= WHAT TO WORK ON =
Would you transcribe the listing that follows, character for character, and omit its images?

= DATA SEGMENT =
####################

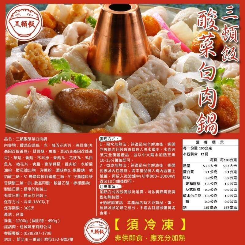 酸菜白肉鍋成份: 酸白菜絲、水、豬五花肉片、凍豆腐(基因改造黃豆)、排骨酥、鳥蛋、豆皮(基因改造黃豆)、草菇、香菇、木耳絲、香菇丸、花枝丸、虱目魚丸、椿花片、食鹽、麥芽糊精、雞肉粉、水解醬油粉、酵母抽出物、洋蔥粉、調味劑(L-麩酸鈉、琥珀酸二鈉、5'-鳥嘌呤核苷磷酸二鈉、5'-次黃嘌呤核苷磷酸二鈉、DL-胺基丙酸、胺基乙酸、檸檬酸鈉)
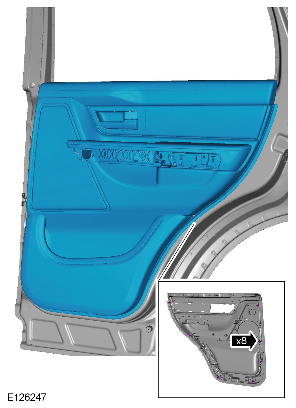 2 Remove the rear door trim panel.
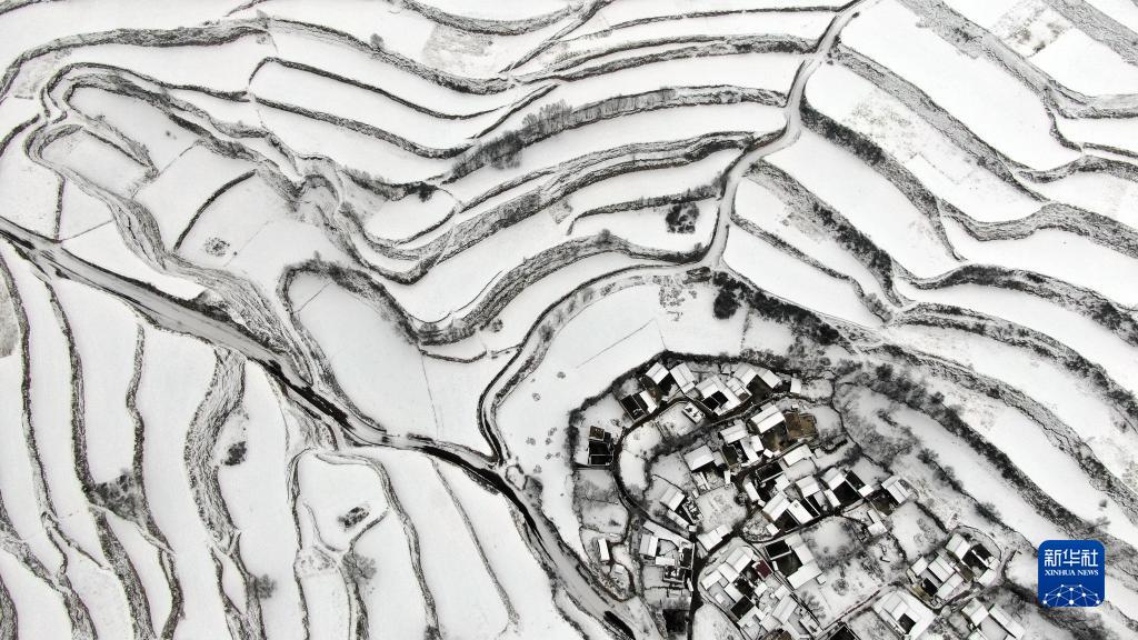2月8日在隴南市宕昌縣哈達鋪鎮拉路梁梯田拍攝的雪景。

####################

= WRITTEN ANSWER =
 酸菜白肉鍋成份: 酸白菜絲、水、豬五花肉片、凍豆腐(基因改造黃豆)、排骨酥、鳥蛋、豆皮(基因改造黃豆)、草菇、香菇、木耳絲、香菇丸、花枝丸、虱目魚丸、椿花片、食鹽、麥芽糊精、雞肉粉、水解醬油粉、酵母抽出物、洋蔥粉、調味劑(L-麩酸鈉、琥珀酸二鈉、5'-鳥嘌呤核苷磷酸二鈉、5'-次黃嘌呤核苷磷酸二鈉、DL-胺基丙酸、胺基乙酸、檸檬酸鈉)
 2 Remove the rear door trim panel.
2月8日在隴南市宕昌縣哈達鋪鎮拉路梁梯田拍攝的雪景。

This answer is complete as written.